Uploaded image for project: 'MariaDB Server'
  1. MariaDB Server
  2. MDEV-20483

trx_lock_t::table_locks is not a subset of trx_lock_t::trx_locks

Details

    Description

      Testing a fix of MDEV-15326 revealed that if the call to trx->lock.table_locks.clear(); is skipped at transaction commit when trx->lock.trx_locks is empty, occasionally a transaction would be left with nonempty trx->lock.table_locks list. This proves that the table_locks is not a subset of trx_locks, like it is expected to be.

      We will need a test case for this, so that the bug can be found and fixed.
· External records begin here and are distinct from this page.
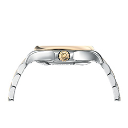 Эти часы – образец универсальности. Круглый корпус из нержавеющей стали диаметром всего 34,5 мм заключает в себе всю мощь современного швейцарского часового искусства. В дизайне использованы классические элементы: бриллиантовые часовые отметки, фасетированные стрелки, циферблат с перламутровой отделкой или гильоше «Солнечные лучи» в сочетании с современными цветовыми комбинациями. Среди них полированная нержавеющая сталь с акцентами цвета розового или желтого золота, универсальный черный или благородный коричневый. Плотно прилегающий металлический браслет с пятью рядами звеньев, застежкой-бабочкой и кнопками комфортно и стильно обхватывает запястье.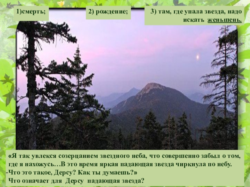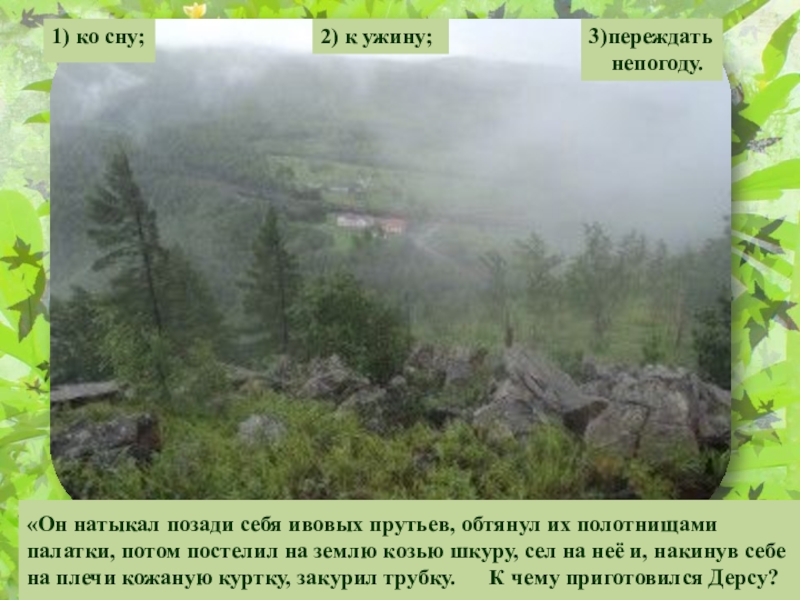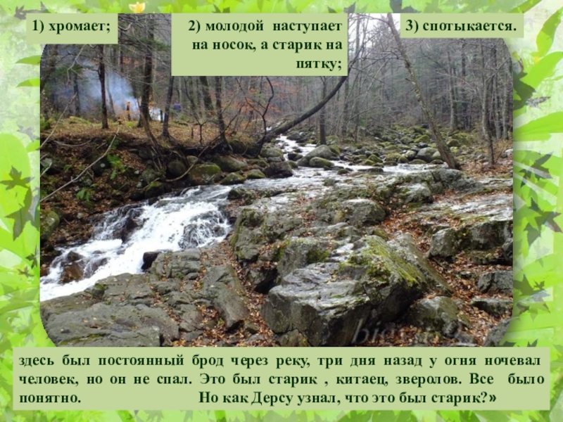 здесь был постоянный брод через реку, три дня назад у огня ночевал человек, но он не спал. Это был старик , китаец, зверолов. Все было понятно. Но как Дерсу узнал, что это был старик?»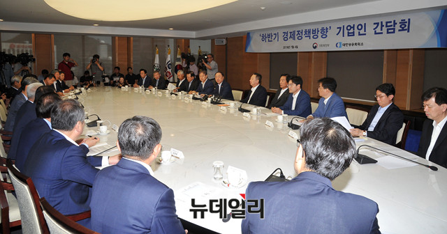 • 홍남기 부총리 겸 기획재정부 장관과 박용만 대한상공회의소 회장을 비롯한 주요 대기업 대표 및 전국 상회의소 회장단이 4일 오후 서울 중구 대한상공회의소에서 열린 '하반기 경제정책방향 기업인 간담회'에 참석해 기념촬영을 하고 있다.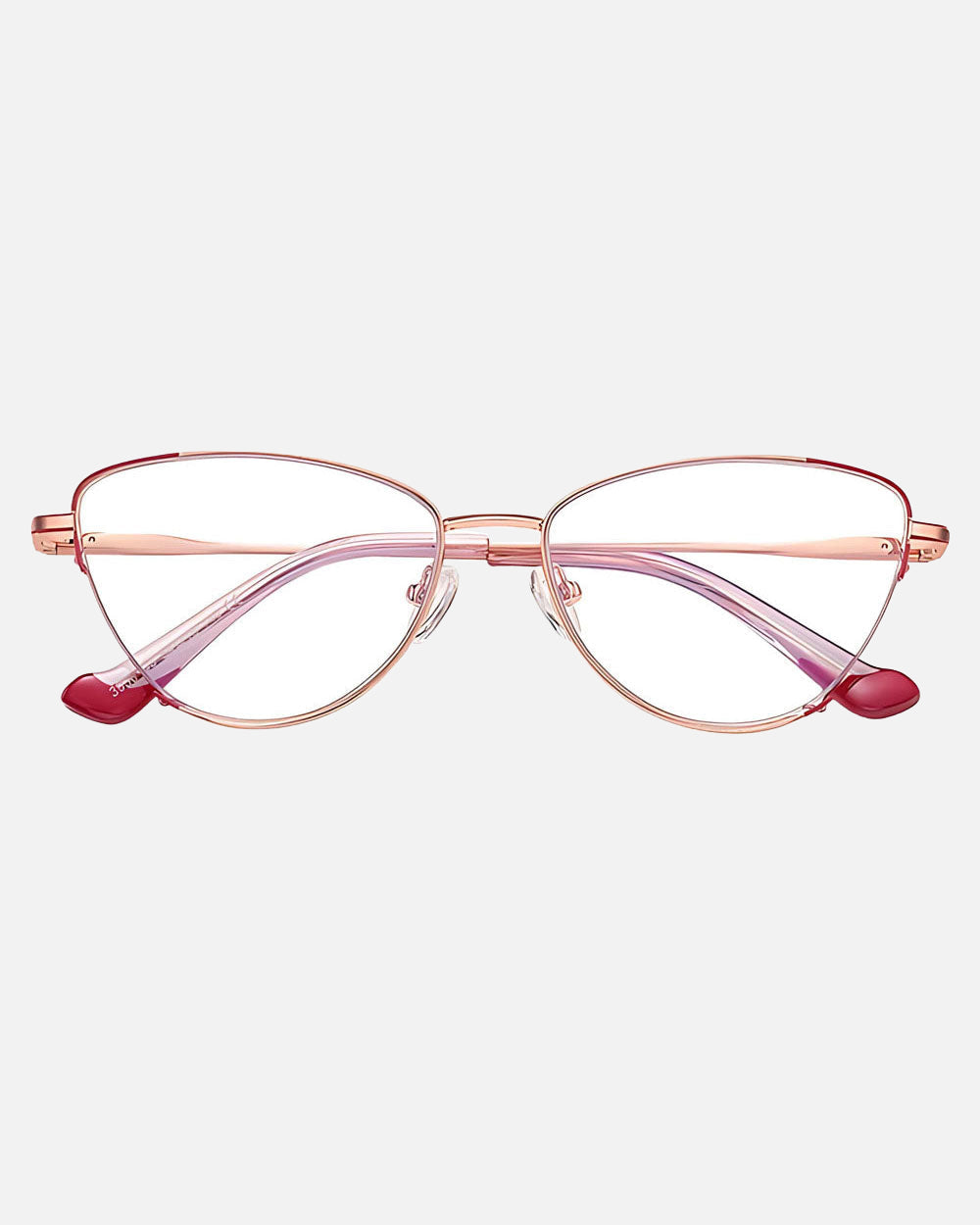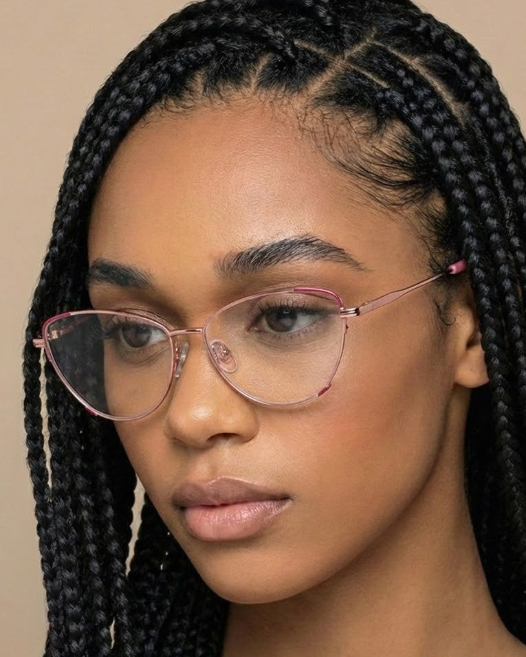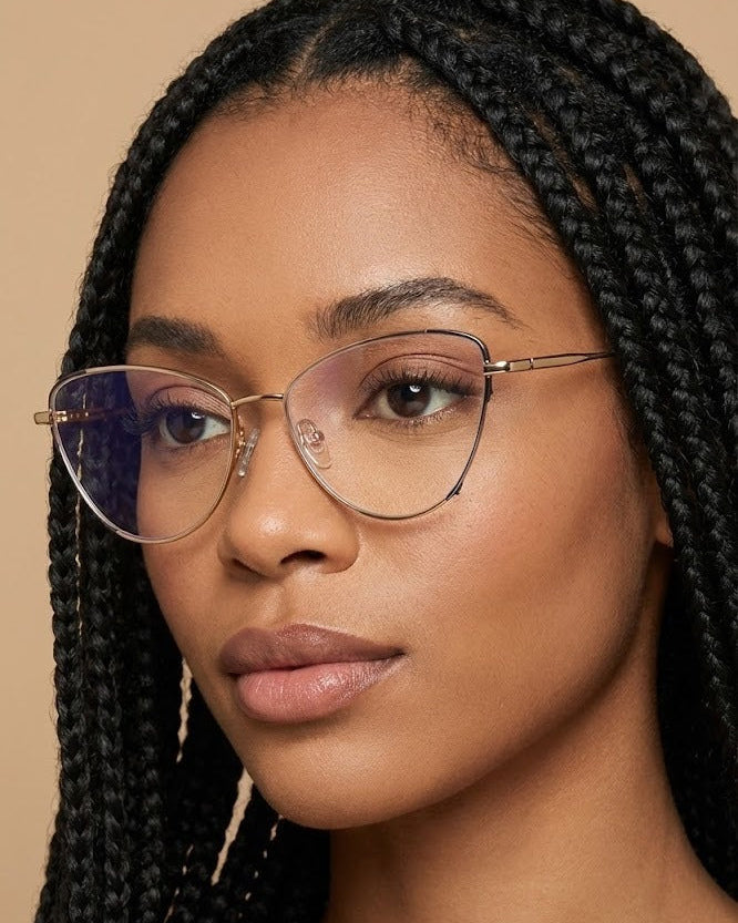 Introducing Cora blue light glasses, a chic metal-frame cat-eye with a playful pop of color. The clear rubberized ear tips provide added comfort while featuring bold accents for a fun twist on a classic design. Perfect for those who want both style and comfort in one sleek accessory.
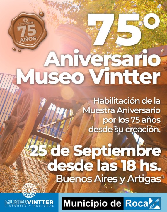 105 firmas acompañaron al acta de apertura del Museo Vintter, un día como hoy, jueves 25 de septiembre, pero allá lejos en el tiempo, en 1950. “En General Roca, territorio nacional de Río Negro, en el Año del Libertador General San Martín, se da por inaugurada la instalación del Museo Regional, con la presencia de los miembros de su comisión directiva y asociados, autoridades y vecindario en general”, dice su propio registro histórico.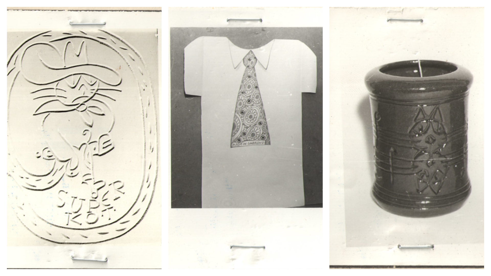 На снимките от ляво надясно: гипсов релеф „Super кот“, тениска с вратовръзка и надпис „Made in Gabrovo“, ваза с релефна украса „котка“ © МДХС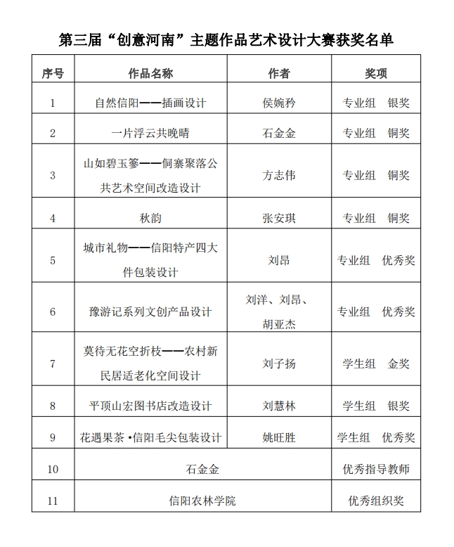 近日,河南省第三届“创意河南”主题作品艺术设计大赛获奖名单揭晓。本次大赛共有42个高等院校参加,我院师生经过层层角逐,在大赛中荣获专业组银奖1项、铜奖3项、优秀奖2项;学生组金奖1项、银奖1项、优秀奖1项;石金金获优秀指导教师奖;beat365在线平台官网获优秀组织奖。

To repeat the assertion failures, revert the following part of the MDEV-15326 fix:

      diff --git a/storage/innobase/trx/trx0trx.cc b/storage/innobase/trx/trx0trx.cc
      index 1dcca7c1f72..b06e15d4f37 100644
      --- a/storage/innobase/trx/trx0trx.cc
      +++ b/storage/innobase/trx/trx0trx.cc
      @@ -561,8 +561,6 @@ inline void trx_t::release_locks()
       
         if (UT_LIST_GET_LEN(lock.trx_locks))
           lock_trx_release_locks(this);
      -  else
      -    lock.table_locks.clear(); /* Work around MDEV-20483 */
       }
       
       /********************************************************************//**
      

      This should lead to occasional assertion failures on trx->lock.table_locks.empty() on transaction commit.

      Attachments

        1. MDEV-20483-B.test
          0.9 kB
          Matthias Leich
        2. MDEV-20483-C.test
          1.0 kB
          Matthias Leich

        Issue Links

          Activity

            Assertion `(trx)->lock.table_locks.empty()' failed

            mleich Matthias Leich added a comment - Assertion `(trx)->lock.table_locks.empty()' failed
            mleich Matthias Leich added a comment - - edited

            Please try the uploaded tests.
            MDEV-20483-C.test  replays the assert.
            MDEV-20483-B.test
                          Is too some huge extent like MDEV-20483-C.test.
                          It tries in addition first to insert illegal values via INSERT ... VALUES ...
                          This gets denied (ERROR 22003: Out of range value for column 'pk' at row 1).
                          Than it tries to insert the same ollegal values via INSERT ...  SELECT and harvests
                          again ERROR 22003: Out of range value for column 'pk' at row 1
                          whereas the same INSERT ... SELECT has success in MDEV-20483-C.test.
             
            That MDEV-20483-C.test shows finally the assert is one thing.
            But that MDEV-20483-B.test has just a denied statement in addition and does not
            harvest finally the same assert is IMHO quite suspicious.
             
            
            

            mleich Matthias Leich added a comment - - edited Please try the uploaded tests. MDEV-20483-C.test replays the assert. MDEV-20483-B.test Is too some huge extent like MDEV-20483-C.test. It tries in addition first to insert illegal values via INSERT ... VALUES ... This gets denied (ERROR 22003: Out of range value for column 'pk' at row 1). Than it tries to insert the same ollegal values via INSERT ... SELECT and harvests again ERROR 22003: Out of range value for column 'pk' at row 1 whereas the same INSERT ... SELECT has success in MDEV-20483-C.test.   That MDEV-20483-C.test shows finally the assert is one thing. But that MDEV-20483-B.test has just a denied statement in addition and does not harvest finally the same assert is IMHO quite suspicious.  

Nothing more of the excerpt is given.